Evonomics – We Had It All Wrong. Adam Smith Isn’t the True Father of Economics

It was Darwin!

Yes Darwin’s insight was deep, and we have gone so much deeper into the power of evolution, levels of strategy, competition leading to cooperation, exponential increments available from higher level cooperation etc.

The power of cooperation, and the vulnerability of cooperatives to cheats, and the sorts of classes of strategies that must be deployed to prevent cheating are now well understood.

Our current economic models seem designed to protect and preserve cheating within the existing frameworks.

Where one genuinely puts a product to a market, and the characteristics of the product are clear and visible to all, then a market can set a fair price and everyone benefits (such things are rare in today’s world).
It seems that there is a vast amount of effort in our society to distort and hide the actual characteristics of products, to focus on the near term benefits to the exclusion of long term risks.
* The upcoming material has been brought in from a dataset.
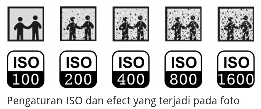 ISO adalah mengatur tingkat sensifitas sensor kamera terhadap cahaya. Semakin rendah nilai ISO maka hasil foto akan semakin gelap, sebaliknya nilai ISO semakin tinggi maka semakin terang foto yang dihasilkan.

We are a fundamentally cooperative species, being forced into thinking we are creatures of competitive self interest.
Sure we can all compete when required, and the vast majority of us will cooperate if it seems like a reasonable idea in the circumstances (and in circumstances of relative abundance, it is always a reasonable idea).

We could be using the cooperative principle, with advanced distributed technology, to develop decentralised and distributed trust networks to empower universal cooperation.
Such things are technically possible and mathematically stable, and they have the attribute of breaking existing monetary and legal systems as a side effect of delivering universal abundance of most goods and services (and thence are resisted at many “conservative” levels within culture and society).